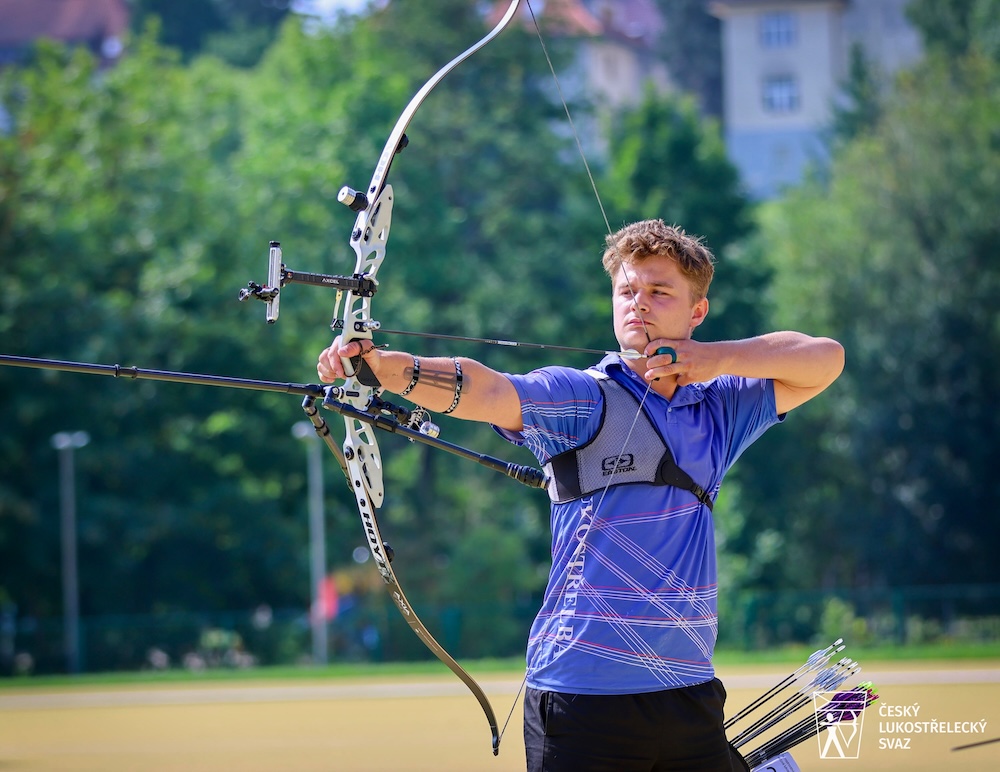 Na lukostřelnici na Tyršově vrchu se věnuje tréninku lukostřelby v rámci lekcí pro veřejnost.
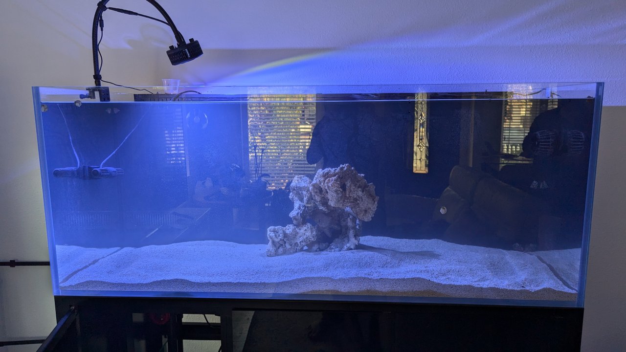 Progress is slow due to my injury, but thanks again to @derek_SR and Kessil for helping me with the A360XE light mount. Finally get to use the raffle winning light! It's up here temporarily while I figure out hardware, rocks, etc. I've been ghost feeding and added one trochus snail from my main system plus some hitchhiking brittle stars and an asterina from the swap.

^^^^^^^^

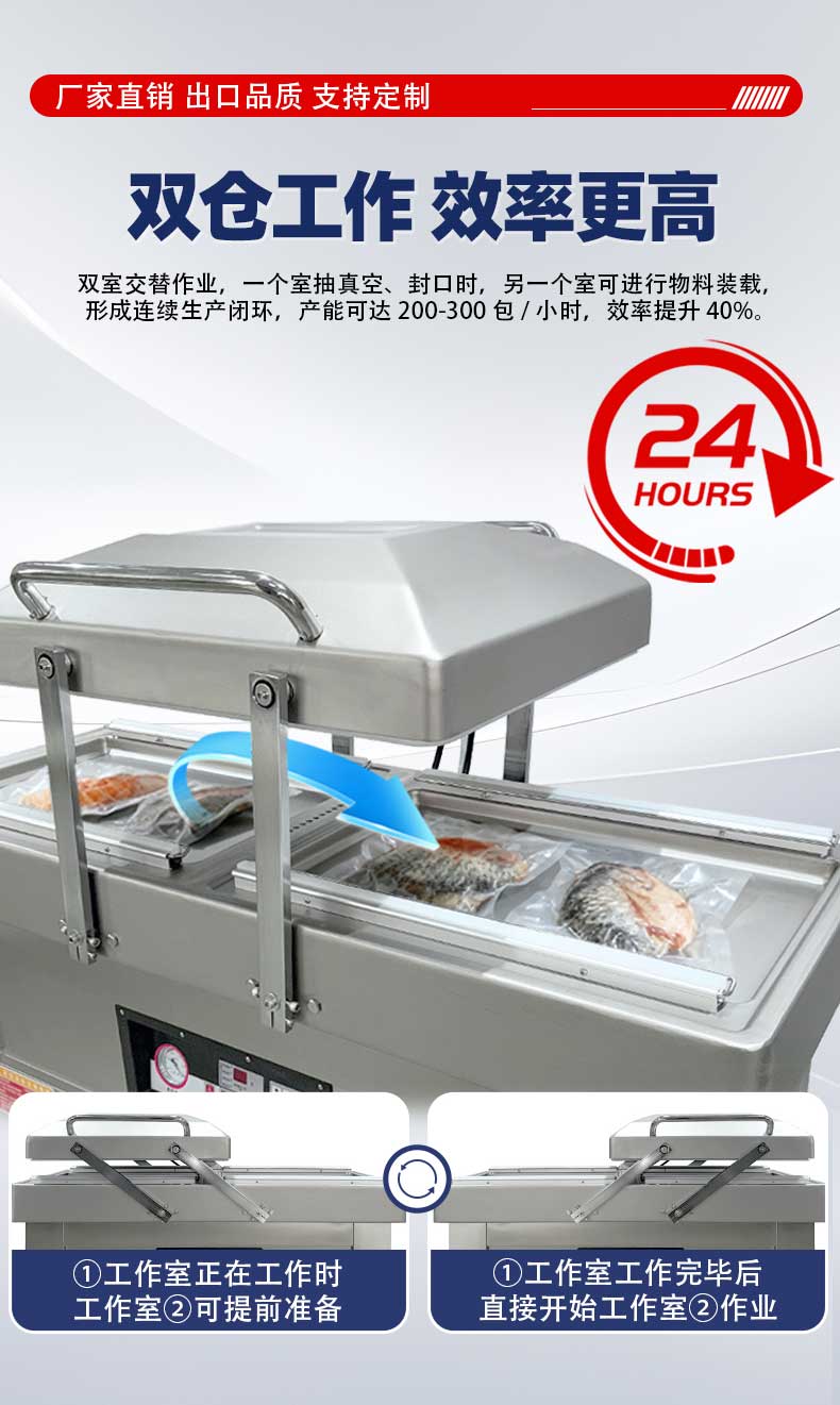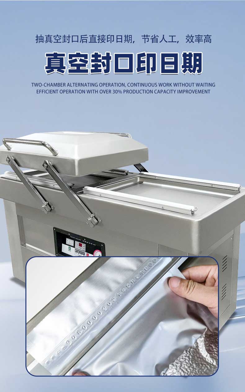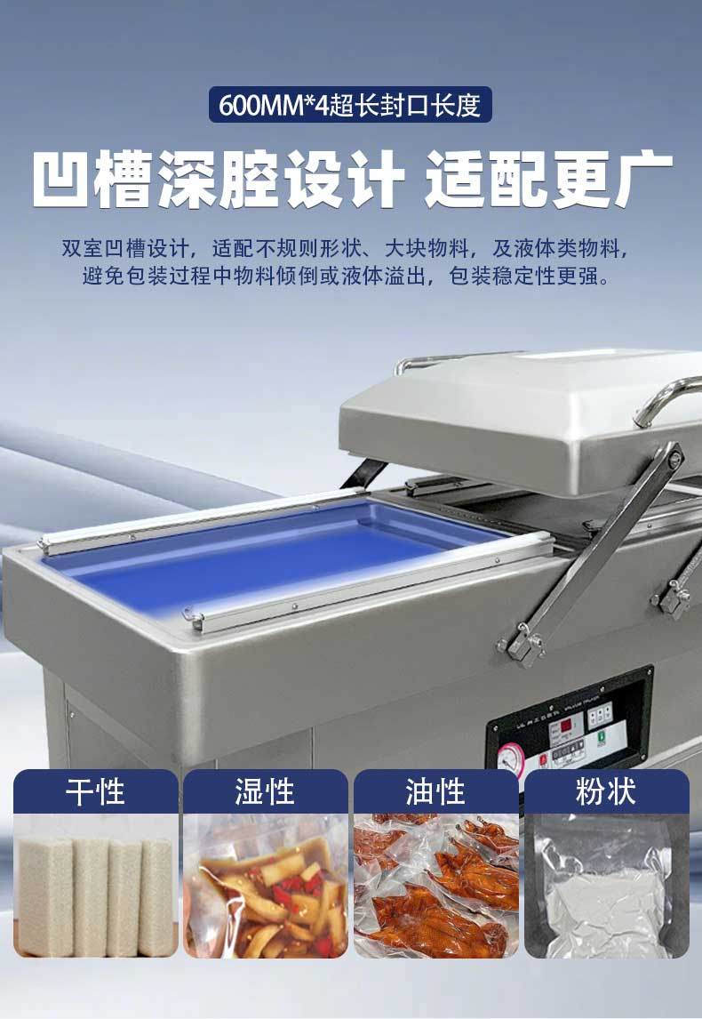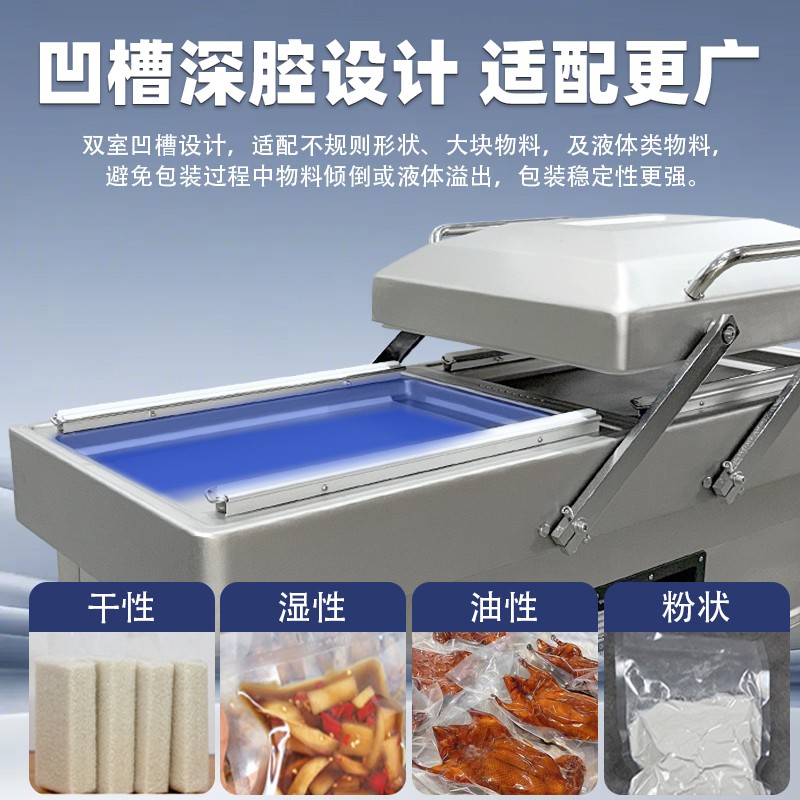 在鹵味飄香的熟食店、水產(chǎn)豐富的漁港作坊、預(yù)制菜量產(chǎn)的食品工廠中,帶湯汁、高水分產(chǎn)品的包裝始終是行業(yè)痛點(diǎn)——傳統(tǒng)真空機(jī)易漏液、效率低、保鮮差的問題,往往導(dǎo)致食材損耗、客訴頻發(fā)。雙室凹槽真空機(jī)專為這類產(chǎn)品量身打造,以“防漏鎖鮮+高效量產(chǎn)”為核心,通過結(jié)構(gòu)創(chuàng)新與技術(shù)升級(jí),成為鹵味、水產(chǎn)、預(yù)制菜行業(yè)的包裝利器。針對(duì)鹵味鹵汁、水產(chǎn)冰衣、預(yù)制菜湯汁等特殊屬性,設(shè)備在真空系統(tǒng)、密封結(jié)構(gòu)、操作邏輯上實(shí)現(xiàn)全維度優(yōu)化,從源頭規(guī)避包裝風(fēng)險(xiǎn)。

^^^^^^^^

▶ **WHAT YOU WILL DO**
Keep to the lines above from the line with "Na lukostřelnici na" to the line with "Progress is slow", and set down exactly those, inclusive, with nothing else and every picture left out.

▶ **YOUR RESPONSE**
 Na lukostřelnici na Tyršově vrchu se věnuje tréninku lukostřelby v rámci lekcí pro veřejnost.
 Progress is slow due to my injury, but thanks again to @derek_SR and Kessil for helping me with the A360XE light mount. Finally get to use the raffle winning light! It's up here temporarily while I figure out hardware, rocks, etc. I've been ghost feeding and added one trochus snail from my main system plus some hitchhiking brittle stars and an asterina from the swap.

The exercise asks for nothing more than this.